Questions 2 & 3: Representational Theories of Consciousness & Replicas

Artem asks me to say a bit about Self-Representationalism (see Kriegel & Williford 2006). This is the view that what separates conscious mental states from non-conscious ones is that the former represent themselves in some way, in addition to whatever else they might represent. Self-Representationalism (also sometimes called Same-Order Representationalism) is often taken to be an odd species of Higher-Order Representationalism. According to Higher-Order Representationalism, the conscious mental states are those that are the object of some other mental state (a thought or a perception, depending on the theory).

Higher-Order Representationalism is subject to a number of objections. The most damning objection is the “Targetless HOT” objection (see, e.g., Mandik 2009). Since the higher-order states just represent the lower-order state, it is conceivable that the lower-order state might fail to exist, just as one can represent Santa Claus or Baba Yaga. In such a case would there be any consciousness? If you say yes, then the lower-order state is not required in the explanation of consciousness — consciousness resides, so to speak, in the higher-order state alone, and the idea of reducing consciousness to a certain combination of representational states (which are themselves unconscious) falls apart. If you say no, then one is left wondering why exactly the existence of the lower-order state makes any difference. My representation of Santa Claus doesn’t do anything to Santa Claus — even if it turns out that he does in fact exist. Why should representing a mental state “do” anything to it, modify it in some way? In this case, why should it “make” it conscious? There seems to be nothing to motivate this claim. This particular horn of the dilemma is also sometimes presented as a separate problem for Higher-Order Representation theories — the so-called Problem of the Rock. The name comes from a particular example due to Leopold Stubenberg (1998): Thinking about or perceiving a rock does not make the rock conscious; why should it be any different with mental states?
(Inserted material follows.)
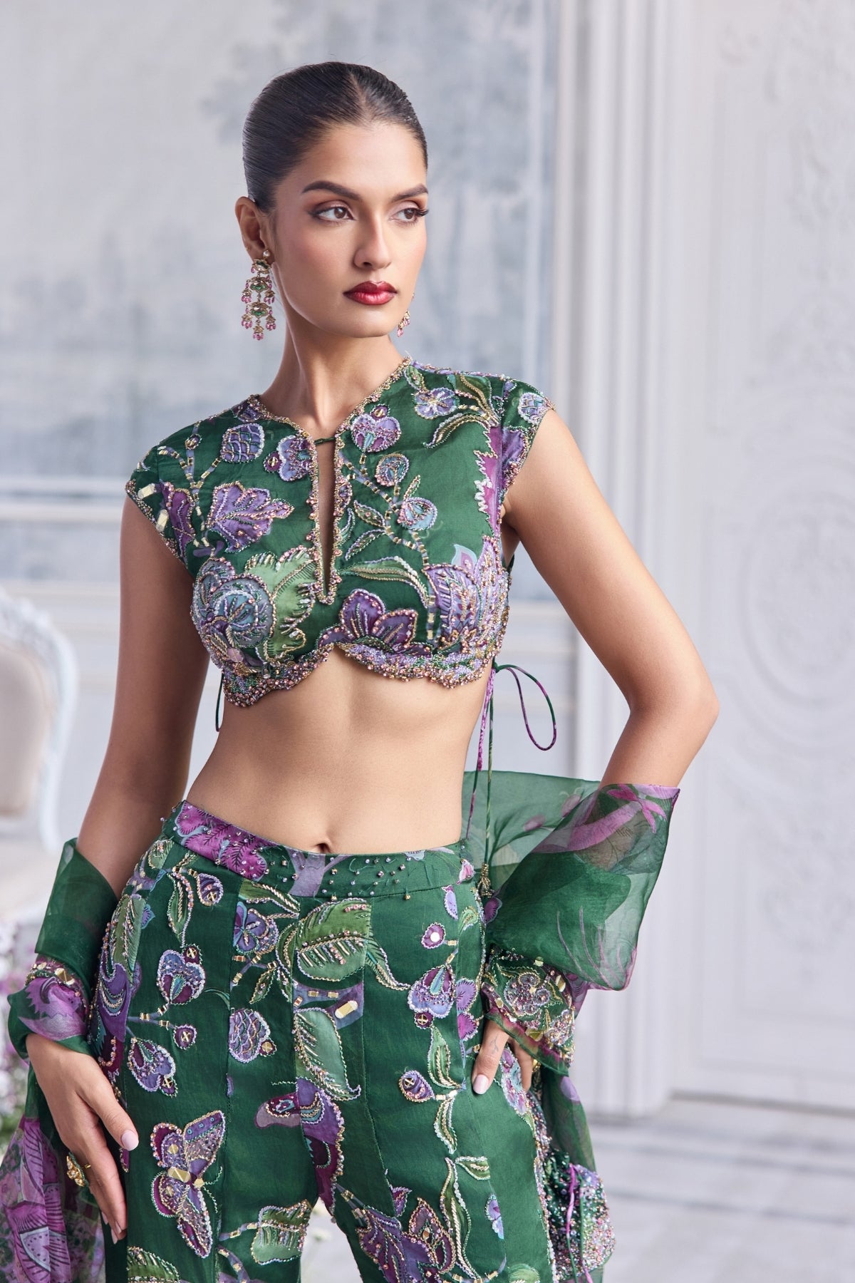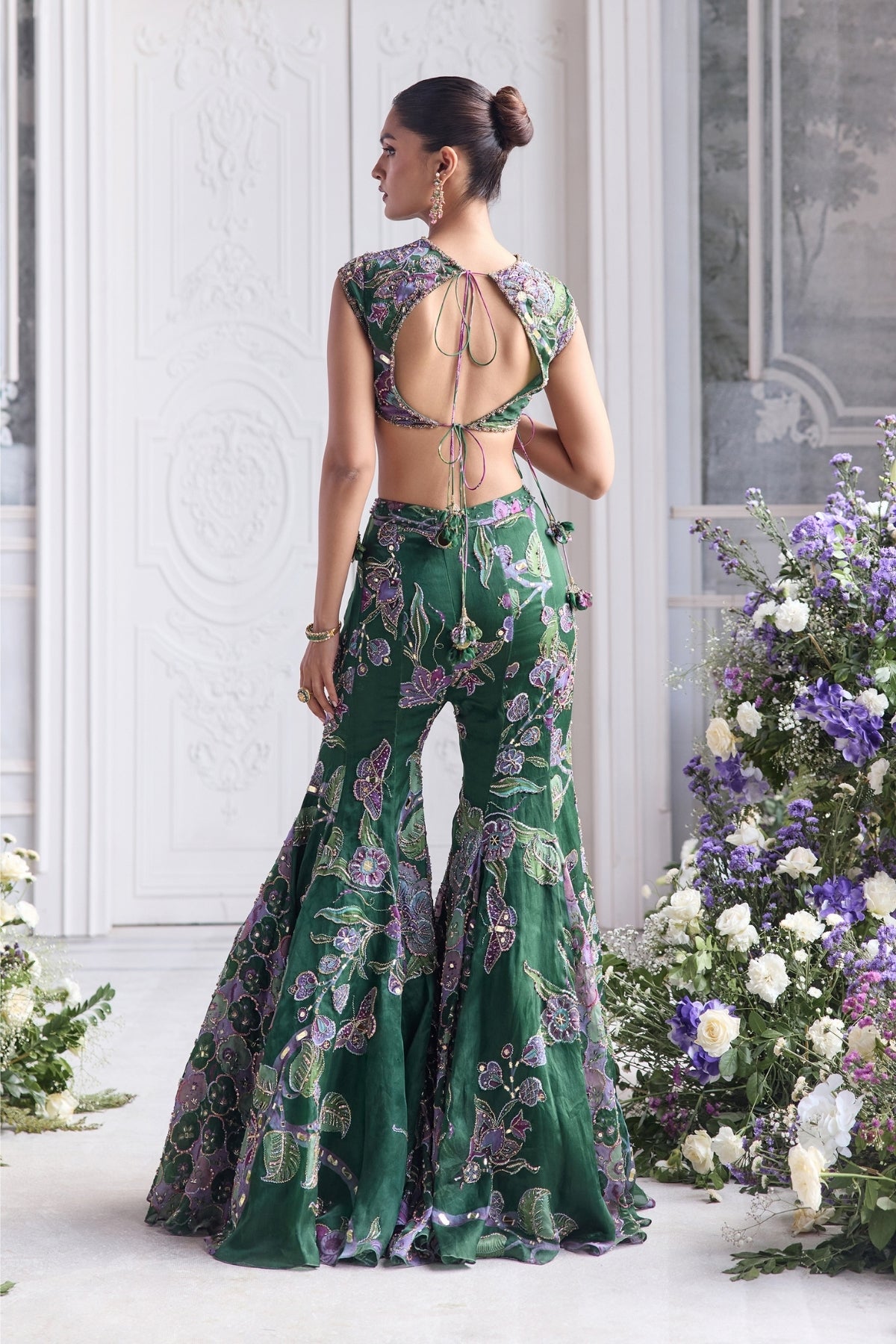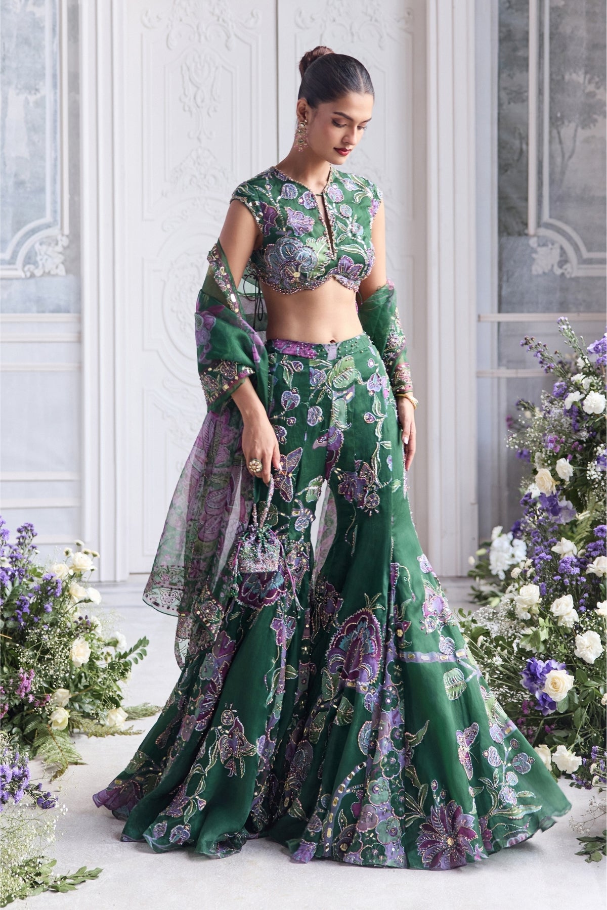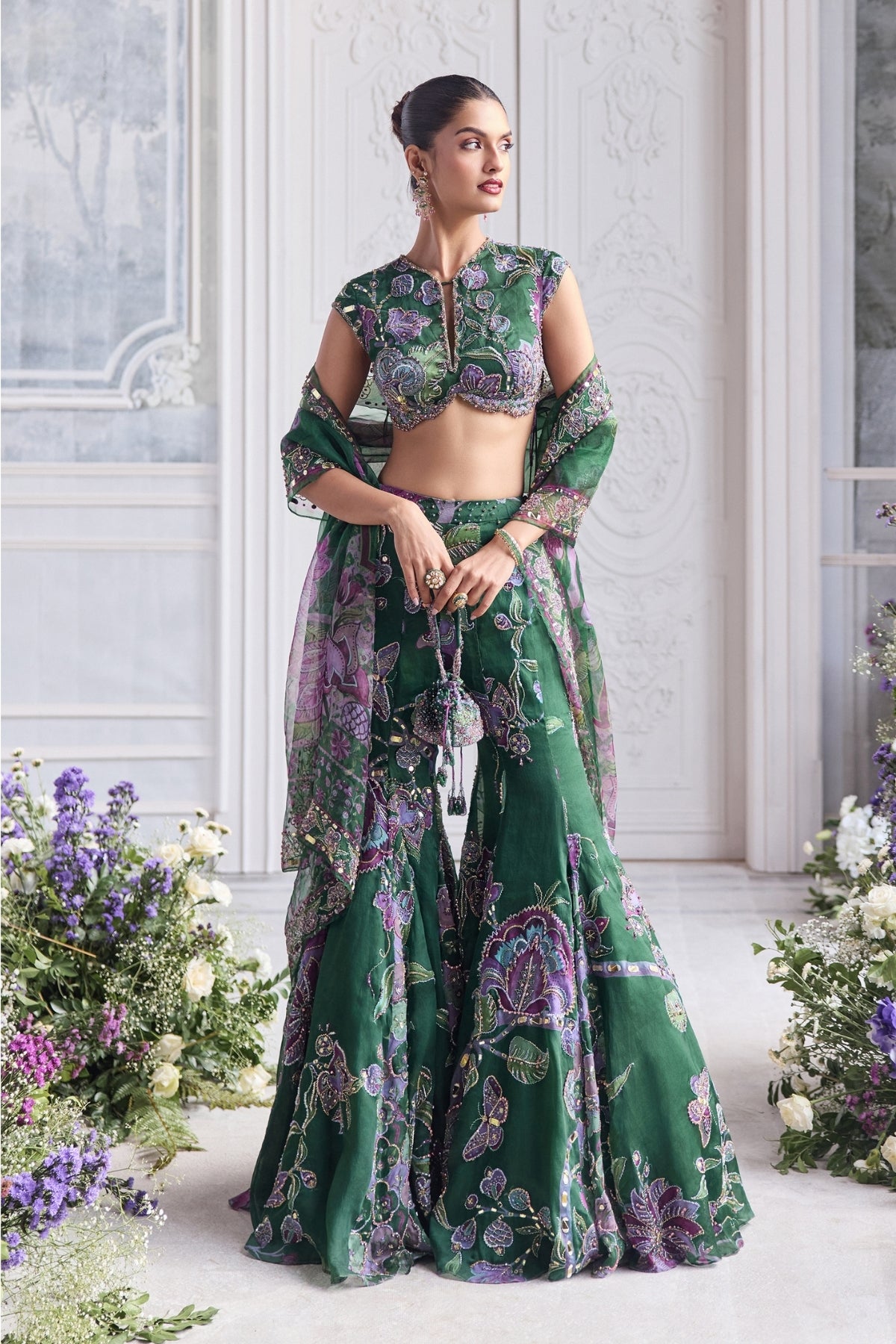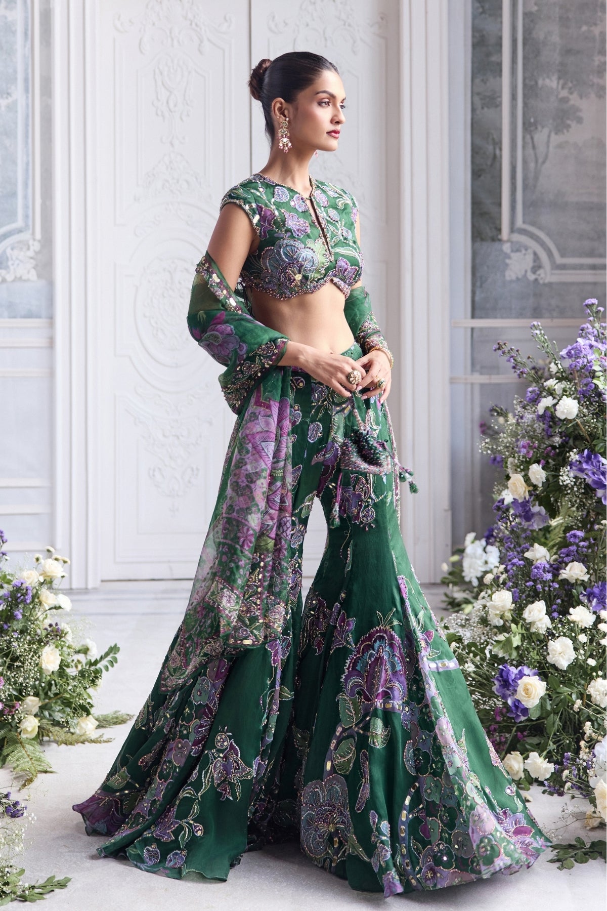 Heavy Hand Embroidered Cap Sleeves Blouse Paired With Heavy Embroider Dupatta And Sharara

Variant versions of the Higher-Order theory have been developed to escape from these objections. One version, due to Rocco Gennaro (2012), has it that the lower-order and higher-order mental states are really just parts of one integrated whole state. The integration is such that the parts cannot exist without each other. This might solve the Targetless HOT problem and the Problem of the Rock at one go — though consciousness would then have as much to do with “integration” as it would with higher-order representation. But one can wonder if the appeal to integration here is not just an ad hoc move. Of course, if one assigns a very high probability to the Higher-Order paradigm, one will assign a high probability to this integration thesis (or perhaps some other thesis that allows one to escape the objections). And it is true that an appeal to integration is attractive, since, no doubt, some sort of integration is surely indispensible to any account of consciousness. However, the claim that it is a matter of integrating higher-order and lower-order representational parts is entirely driven by the commitment to the paradigm. So while this appeal does allow one to escape from the objections, it certainly does not thereby constitute further evidence for the account. We would need, rather, some independent neuroscientific evidence that the integration of higher-order and lower-order representations indeed occurs and correlates with consciousness (I don’t deny that there may be some such evidence, see, e.g., Kriegel 2009, Gennaro 2012).

Self-Representationalism, as I define it, is the view that, so to speak, the higher-order mental state and the lower-order mental state are identical. The state representing the world also represents itself (see Williford 2006, 2009, and Kriegel 2003). Evidently, this view does not face the Targetless HOT problem, since if it is true that it represents itself, it is true that it exists (barring, some sort of Meinongianism, of course). It does, however, face other problems plaguing the Higher-Order family of theories. There is, for example, the “Division of Phenomenal Labor” problem (see Neander 1998). If, say, the lower-order representation is of a (seen) green ball, and the higher-order representation is of oneself seeing a red ball, what color does the ball consciously seem to have? All answers seem equally unsatisfactory. Self-Representationalism does not escape from this problem, in my view anyway (see Wiesberg 2008).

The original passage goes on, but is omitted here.